When copying the listing below, skip every picture and keep each word as it stands.
Start of DATASET EXTRACT
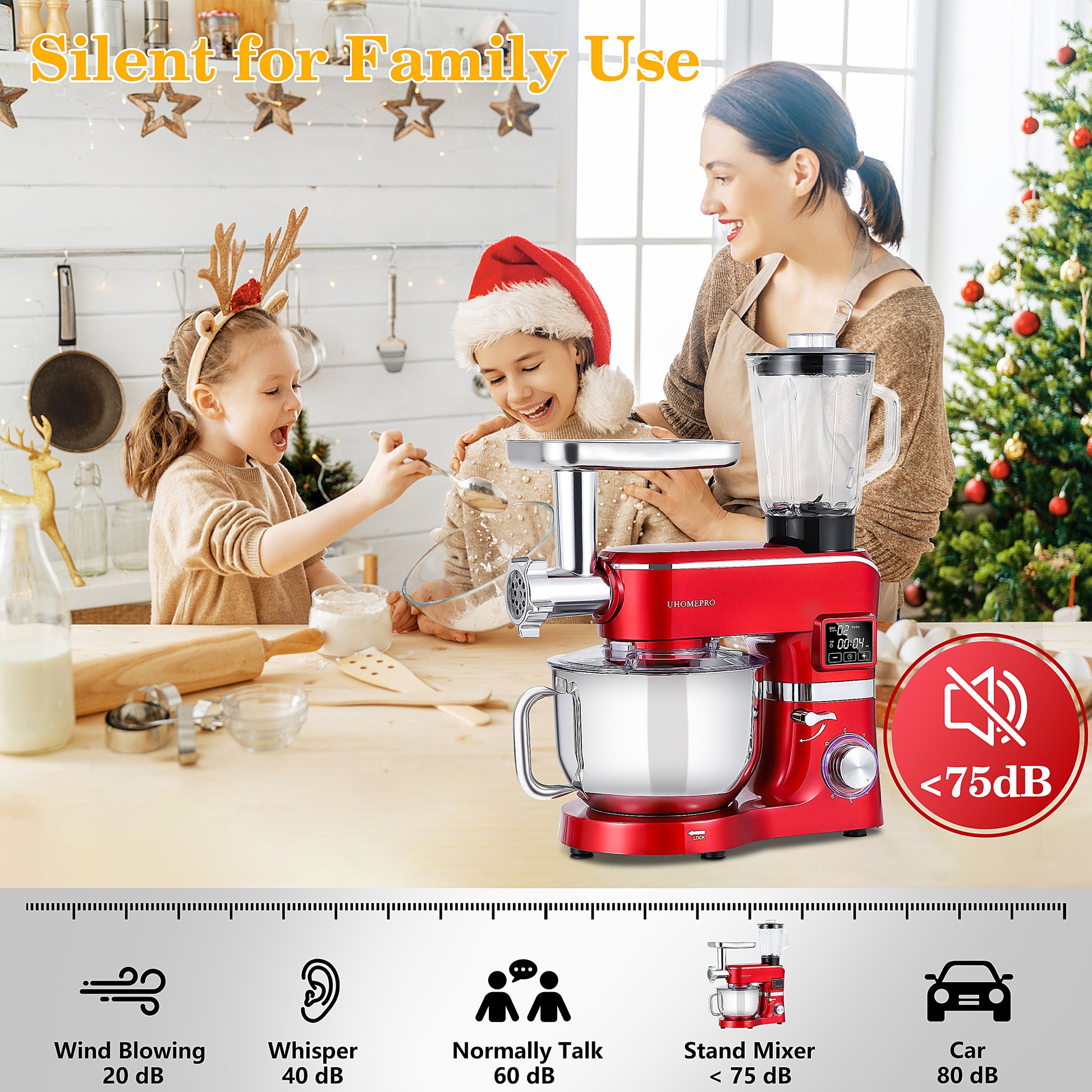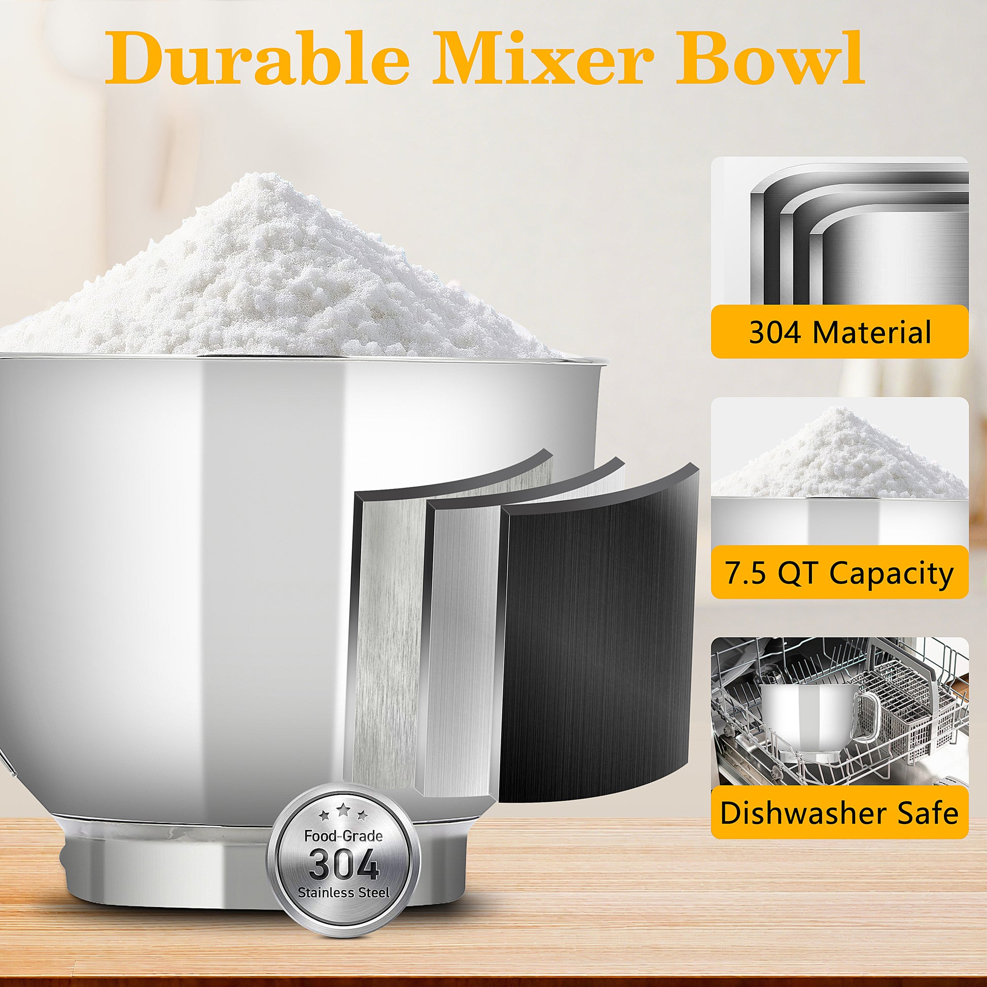 TILT-HEAD DOUGH STAND MIXER - The tilt-head design allows clear access to the stainless steel bowl and attached mixing attachments, convenient to install and remove. The splatters shield guards against messy drips drop, and spills. The anti-slip legs keep the food stand mixer stable and safe during operation, avoiding movement or bouncing to reduce noise.
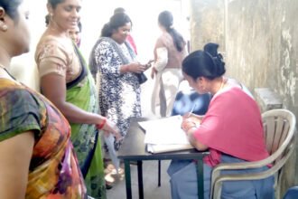 महतारी वंदन के आवेदन करने आंगनबाड़ी केंद्रों में सुबह से लग रही भीड़
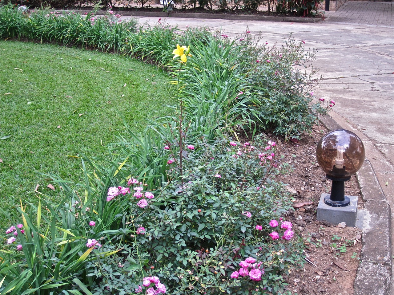 In the semi-circle, shown above and below, the miniature pink shrub roses (possibly “The Fairy” variety) are planted in a line along the curb, and the yellow day lilies are lined up right behind them.  I’m not fond of the yellow/pink combination, but my main concern is that the single-file arrangement  — the first thing you see when you walk or drive into the enclosure — is skimpy and makes a weak  impression.
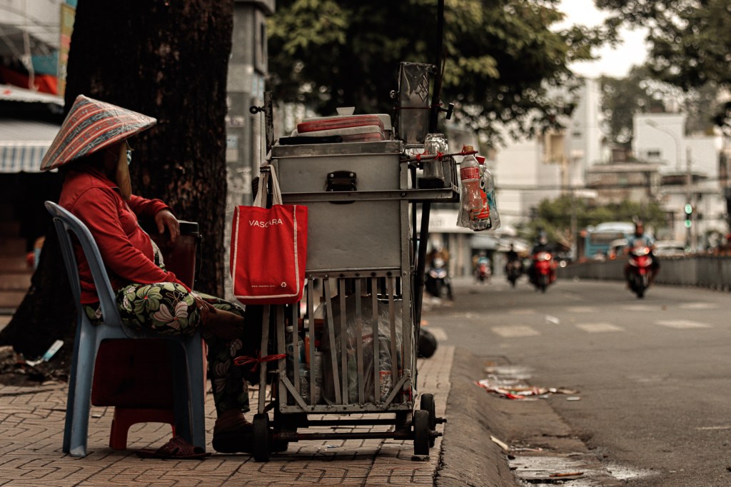 Part of a series taken in Ho Chi Minh city’s historic, revolution-filled Chinatown (Cho Lon), this photograph features a beverage vendor who has sold her wares in the same spot for the last eighteen years: refusing to budge through the years of gentrification, commercial pressure, and community change that has altered the neighbourhood, displacing hundreds of the city’s vendors in the area. I wanted to frame this shot in a manner that celebrates her tenacity, positioning her almost regally against the street that she so proudly claims as her own. For this, I drew inspiration from the colorful magnanimity David Bolen grants a group of retirees in Lance Oppenheimer’s ‘Some Kind of Heaven’.
End of DATASET EXTRACT
YOUR RESPONSE ->
 TILT-HEAD DOUGH STAND MIXER - The tilt-head design allows clear access to the stainless steel bowl and attached mixing attachments, convenient to install and remove. The splatters shield guards against messy drips drop, and spills. The anti-slip legs keep the food stand mixer stable and safe during operation, avoiding movement or bouncing to reduce noise.
 महतारी वंदन के आवेदन करने आंगनबाड़ी केंद्रों में सुबह से लग रही भीड़
 In the semi-circle, shown above and below, the miniature pink shrub roses (possibly “The Fairy” variety) are planted in a line along the curb, and the yellow day lilies are lined up right behind them.  I’m not fond of the yellow/pink combination, but my main concern is that the single-file arrangement  — the first thing you see when you walk or drive into the enclosure — is skimpy and makes a weak  impression.
 Part of a series taken in Ho Chi Minh city’s historic, revolution-filled Chinatown (Cho Lon), this photograph features a beverage vendor who has sold her wares in the same spot for the last eighteen years: refusing to budge through the years of gentrification, commercial pressure, and community change that has altered the neighbourhood, displacing hundreds of the city’s vendors in the area. I wanted to frame this shot in a manner that celebrates her tenacity, positioning her almost regally against the street that she so proudly claims as her own. For this, I drew inspiration from the colorful magnanimity David Bolen grants a group of retirees in Lance Oppenheimer’s ‘Some Kind of Heaven’.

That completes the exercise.